На миг я подумала даже о том, что, может быть, лучше сдаться, уступить? Ведь проблему с Клавьером можно решить одним махом. Надо только признать свое поражение и согласиться с его условиями. Разве это так уж трудно? Я теперь свободна.

Но меня тут же с умопомрачительной силой обожгло горячее чувство протеста и возмущения. Нет, этот выход тоже неприемлем. Я поняла, что просто физически не способна признать, что Клавьер выиграл пари. Да и что он выиграл? Неужели он думает, что если я буду бедной, то найду его более приятным? Да он мне просто омерзителен! Нет, я с кем угодно соглашусь на это, только не с ним! Об этом даже думать нельзя!
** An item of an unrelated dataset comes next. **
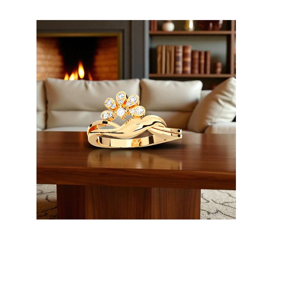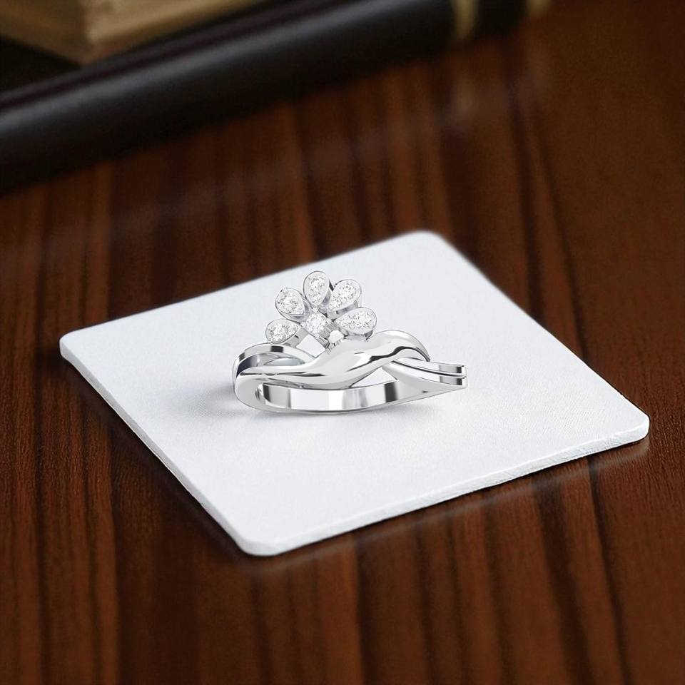 0.12 Carat E-F/VVS-VS Lab Grown Diamond Round Cut Prong Set Six Petal-Shaped Motifs Platinum Plated Unisex Ring

– Послушайте, – сказала я решительно, – особняки мы продавать не будем. Все продадим, только не их.

– Что вы имеете в виду?

– Мы продадим мебель, ковры, картины, всю утварь. Вот для этого вы и найдете покупателя. Мне останутся хотя бы стены. И мы продадим ровно столько, чтобы покрыть долг, чтобы выплатить те девятьсот тысяч, и все.

Я внезапно почувствовала резкую, пронзительную головную боль. Это наверняка начало мигрени. Мне даже было трудно договорить до конца. Но я все же продолжила:

– Мы резко сократим расходы, Паулино. Я уволю всех слуг, без которых при желании можно обойтись. Не нужно больше ни садовника, ни конюха, ни дворецкого. Мне даже не нужны лишние горничные, со всем справится Маргарита. И мы еще неплохо заживем.

За окном смеркалось. Наступала тихая летняя ночь – с золотистым светом луны, умиротворенным мерцанием звезд и пением соловьев в мокрых от росы кустах самшита. С площади долетал приглушенный стук экипажей.

Я с сарказмом подумала, как просчитался Клавьер. Может, он полагал, что, узнав о сюрпризе, который он мне приготовил, я сразу же побегу к нему и сдамся на милость победителя? Ну и глуп же он! Пытается добиться аристократки и не понимает, какими способами это надо делать. Он действует так, будто я прачка. А я ведь предпочту умереть с голоду, чем когда-либо дам ему понять, что он победил.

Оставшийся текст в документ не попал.